Local farms bursting with blueberries
By By Ida Brown/The Meridian Star
Juen 20, 2001
Blueberry season is back and this year's crop is looking good for local growers.
The homegrown bounty is also plentiful at B &W Orchards, located on Country Road 350.
From now through October, fresh blueberries are at their peak of juicy flavor.
About 1,500 blueberry plants are growing on the 2-acre Johnson farm, which the couple first planted in 1983. For the first few years, they gave the harvest to neighbors because, at the time, the berry was not a highly sought fruit.
After Johnson's wife prepared recipe sheets to distribute, demand for the fruit increased.
Customers may either pick their own berries at the farm for $4.50 a gallon, or buy an already picked gallon for $8.

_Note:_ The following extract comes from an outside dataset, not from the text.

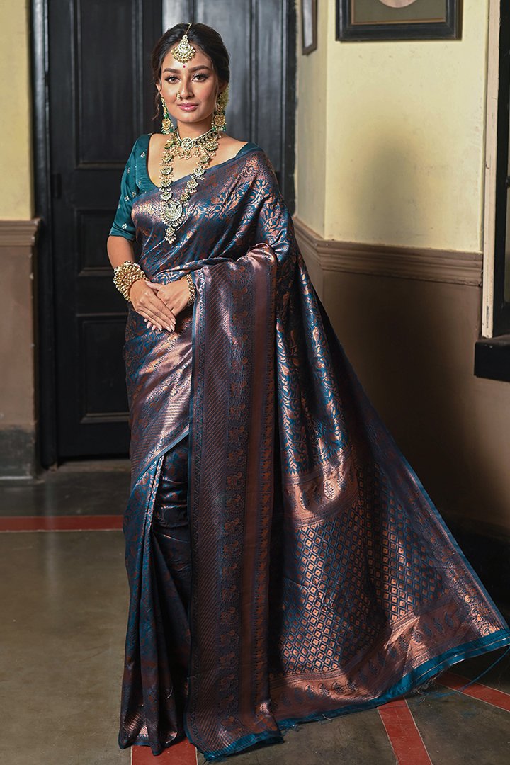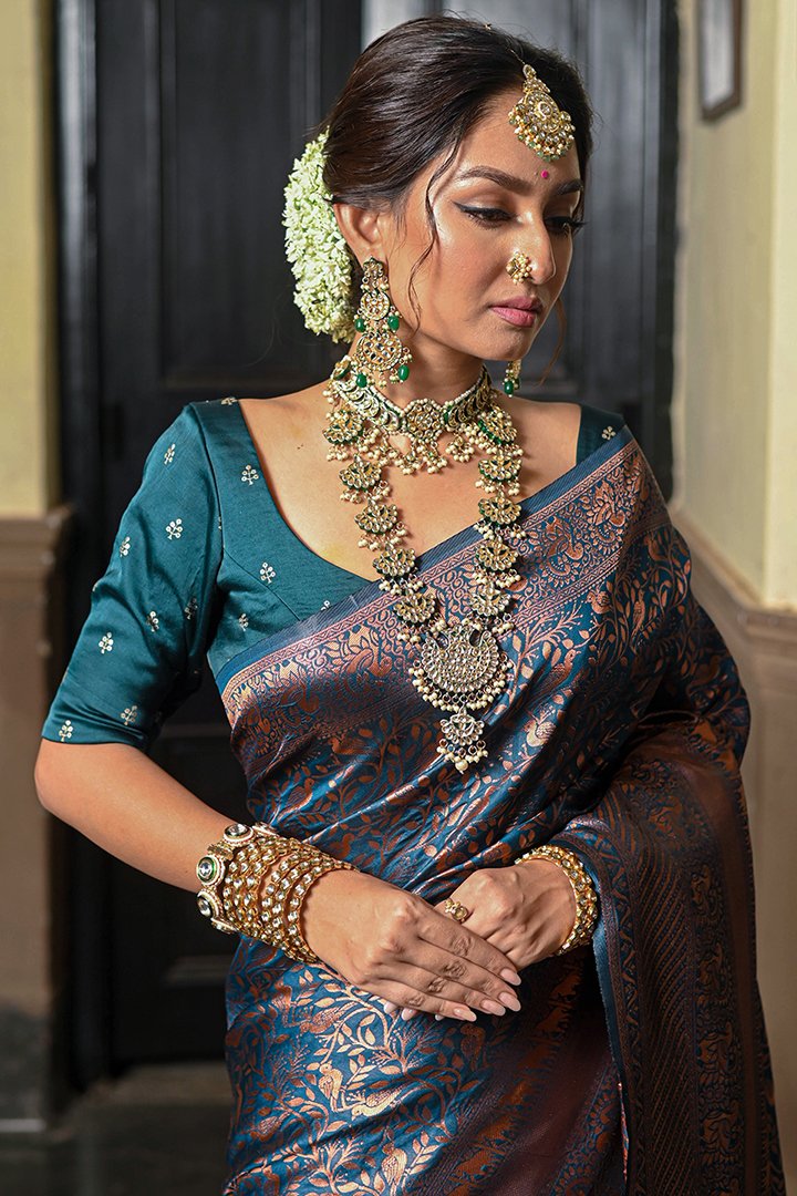 Beautiful Navy Blue Banarasi Art Silk Saree

In addition to recipe sheets, customers who pick their own berries are provided water and a stand to hold their bucket while they pick. The fields are wide and handicapped accessible and restroom facilities are available.
While picking is open to all, the Johnsons especially encourage groups and children.

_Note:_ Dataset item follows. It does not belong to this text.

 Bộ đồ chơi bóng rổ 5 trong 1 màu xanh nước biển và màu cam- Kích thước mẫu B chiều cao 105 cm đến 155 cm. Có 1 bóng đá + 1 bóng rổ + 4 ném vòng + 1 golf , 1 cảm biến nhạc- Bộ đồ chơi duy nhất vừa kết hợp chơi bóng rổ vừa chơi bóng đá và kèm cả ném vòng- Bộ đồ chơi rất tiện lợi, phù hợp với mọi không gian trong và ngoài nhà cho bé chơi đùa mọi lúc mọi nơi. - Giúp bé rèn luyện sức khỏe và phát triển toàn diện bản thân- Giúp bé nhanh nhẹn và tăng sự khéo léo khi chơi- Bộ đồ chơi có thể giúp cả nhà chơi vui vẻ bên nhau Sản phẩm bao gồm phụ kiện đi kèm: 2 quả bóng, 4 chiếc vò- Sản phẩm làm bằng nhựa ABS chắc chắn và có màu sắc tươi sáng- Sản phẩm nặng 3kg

Johnson Blueberry Farm is open Monday through Saturday, 7 a.m.-7 p.m. The farm is located at 11624 Suqualena Road, one mile off Highway 494. For more information, call 626-8166 or e-mail email@example.com
While blueberry lovers may pick their own at B &W Orchards, many are opting to leave the picking to the staff.
The 5-acre farm is open Monday through Saturday, 8 a.m. to 6 p.m. Customers may pick their own berries for $5 per gallon or have them picked for $7.50 per gallon. Recipes are provided upon request.
In addition to fresh berries, Robinson also sells jams and jellies.